Anyone who follows productivity data closely knows that the data are erratic, and even two good years doesn’t amount to much. No one should assume we’re on a faster growth path based on an uptick over a relatively short time period.
However, there was also some anecdotal evidence that we might be a faster growth trajectory. The most obvious story had to with the increased use of Zoom and other technologies allowing for teleconferencing. Insofar as business can be conducted without people traveling across town or across the country, there is a gain in productivity. There were many other stories of businesses being forced to adopt new and often more efficient ways of operating to get around the disruptions of the pandemic.
That was an optimistic story, but the picture looks much worse after the last two quarters. Productivity fell at a 7.4 percent annual rate in the first quarter of 2022 and a 4.6 percent rate in the second quarter. These drops totally offset the positive picture of 2020 and 2021. With the more recent data, productivity growth since the fourth quarter of 2019 now averages just 0.6 percent.
While this might mean that the productivity optimists should throw in the towel, there still is some reason for hoping that the data from the last two quarters are an anomaly and we could be on a faster growth path. There are three directions in which the productivity optimists’ argument would go:
+ Data errors gave us the bad numbers for the first two quarters;
+ Temporary disruptions from the pandemic slowed productivity growth in the first half of 2022;
+ There are important gains in productivity not reflected in the official data.
I’ll lay out each of these arguments briefly below.
Gross Domestic Product and Gross Domestic Income
The extraordinary job growth in the first half of 2022 is hard to reconcile with the negative GDP growth reported for this period. Many of us have noted that Gross Domestic Income (GDI) was actually reported as growing at a healthy 1.8 percent annual rate in the first quarter. (We don’t have GDI data for the second quarter yet.)
In principle, GDP and GDI should be the same. GDI is simply measuring GDP based on the income received. While the two numbers are never exactly the same, the gap in the first quarter was especially large. In fact, GDI growth has been outpacing GDP growth ever since the start of the pandemic. While real GDP has grown a total of 2.7 percent between the fourth quarter of 2019 and the first quarter of 2022, real GDI has grown by 6.1 percent. That translates into a 2.7 percent annual rate of growth since the start of the pandemic, compared to a 1.2 percent rate for GDP.

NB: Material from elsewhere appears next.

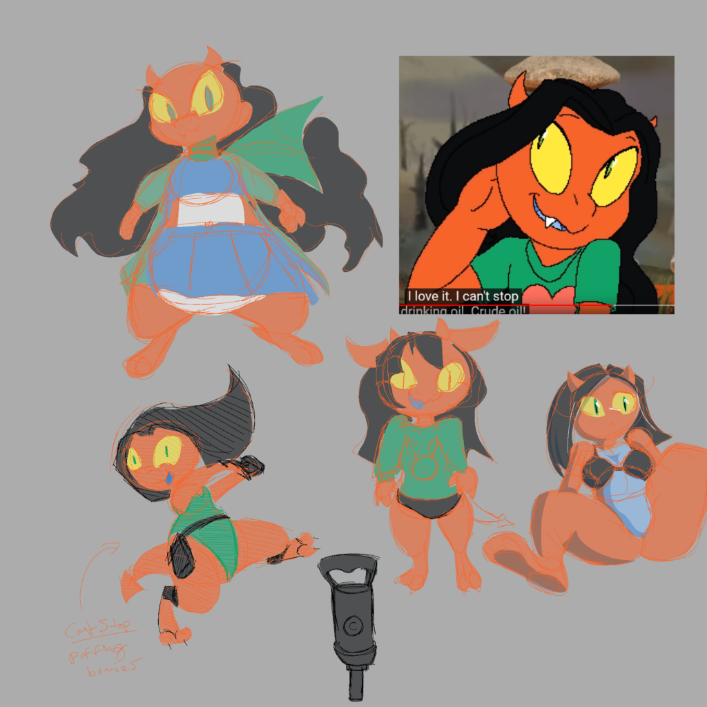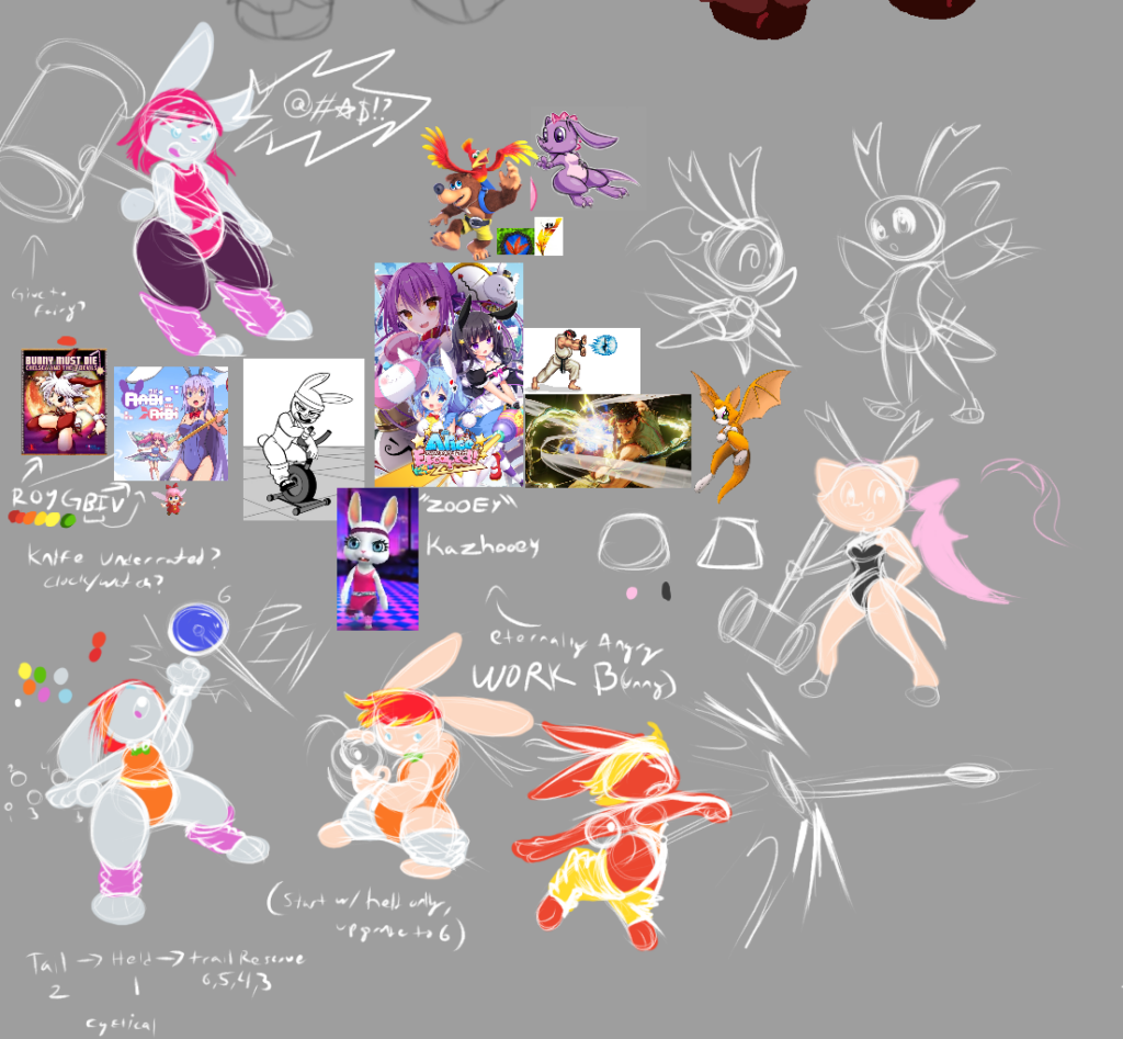 I think Kazhooey is still _too_ close to her inspiration character too, but I’m pretty sure the Zoobe company is defunct anyway so I’m not worried about legal action coming of it. But I don’t want want to set optics of being super lazy copy-paste without a cohesive vision behind it. Firey orange and reds feel a lot more “right” to me for the spirit of the character. Maybe just need to bring back in the dark leggings to that bottom-left iteration for the color contrast. Like, I really want Zooey to be as much of a firebrand as Kazooie and the Zoobe Bunny herself, but still trying to do the Right Thing (most of the time) despite a tendency towards explosive rage and self-focused goals.

If the GDI measure is in fact closer to the actual rate of the economy’s growth over this period, then productivity growth would be approximately 1.4 percentage points faster than productivity calculated based on the GDP number. Instead of the 1.1 percent rate now reported for the period between the fourth quarter of 2019 and the first quarter of 2022, the growth rate would be close to 2.5 percent. That would still be consistent with the productivity speed-up story.
Rather than just taking GDI growth or GDP growth, it is common for economists to look at the average for the two measures. The growth rate for the average of GDI and GDP between the fourth quarter of 2019 and the first quarter of 2021 was 1.9 percent. Using this as the basis for measuring productivity growth would give us an average growth rate of 1.7 percent for the nine quarters since the start of the pandemic. That is not clear evidence of a speedup in productivity, but it is notably better than the growth rate for the prior decade.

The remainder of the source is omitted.